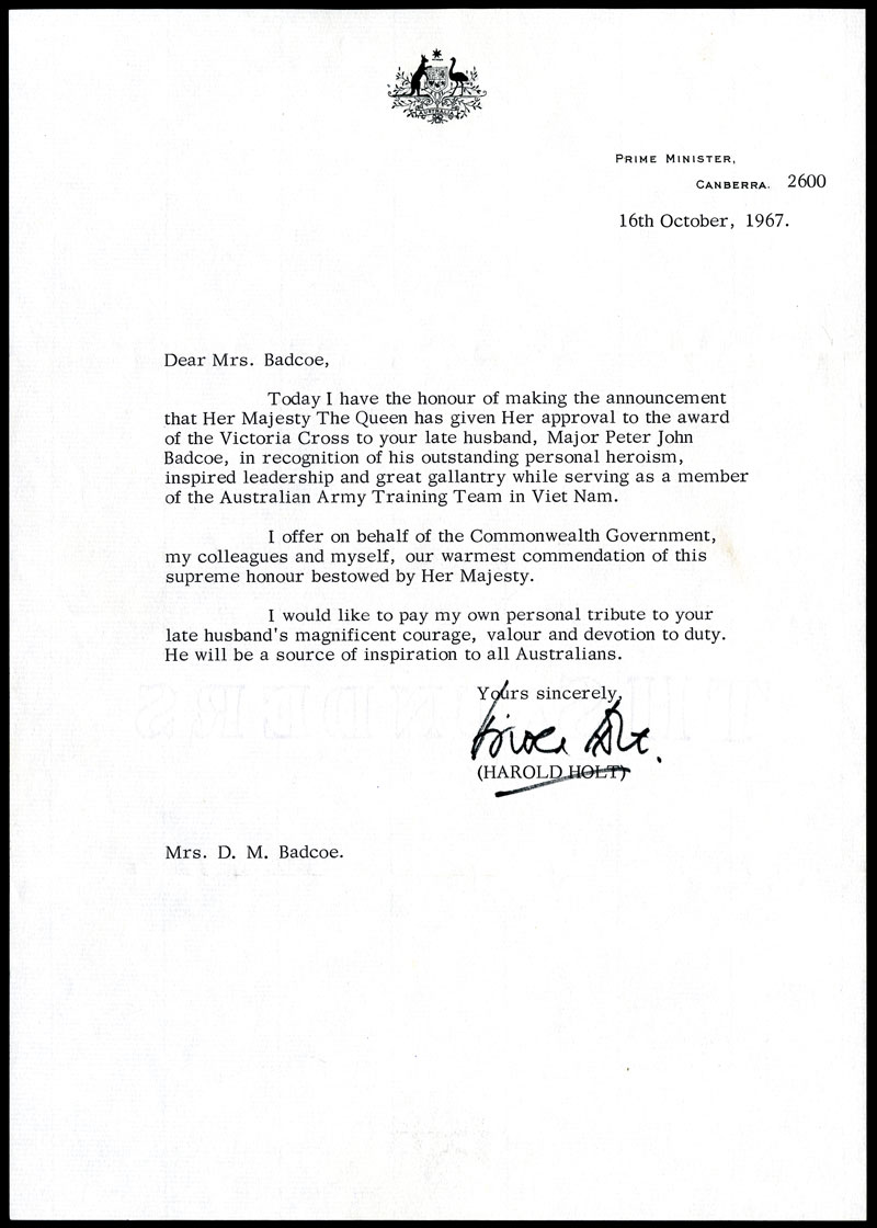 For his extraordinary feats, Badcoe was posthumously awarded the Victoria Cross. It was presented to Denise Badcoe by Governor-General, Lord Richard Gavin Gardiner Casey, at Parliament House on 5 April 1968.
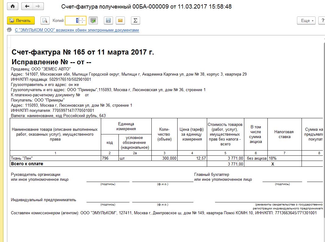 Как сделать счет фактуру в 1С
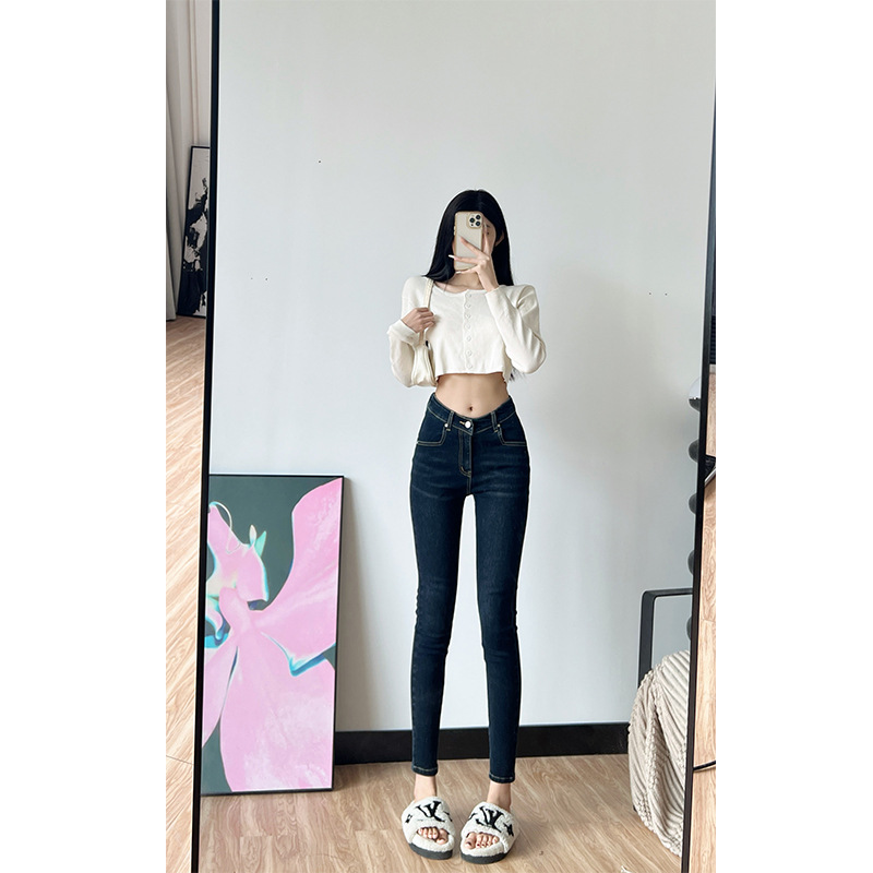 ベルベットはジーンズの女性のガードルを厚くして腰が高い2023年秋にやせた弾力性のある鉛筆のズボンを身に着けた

-=-=-

### TASK
Please repeat, exactly as written, only the lines from the line with "Как сделать счет фактуру в 1С" to the end of the data, leaving out every picture.

### PROBLEM SOLUTION
 Как сделать счет фактуру в 1С
 ベルベットはジーンズの女性のガードルを厚くして腰が高い2023年秋にやせた弾力性のある鉛筆のズボンを身に着けた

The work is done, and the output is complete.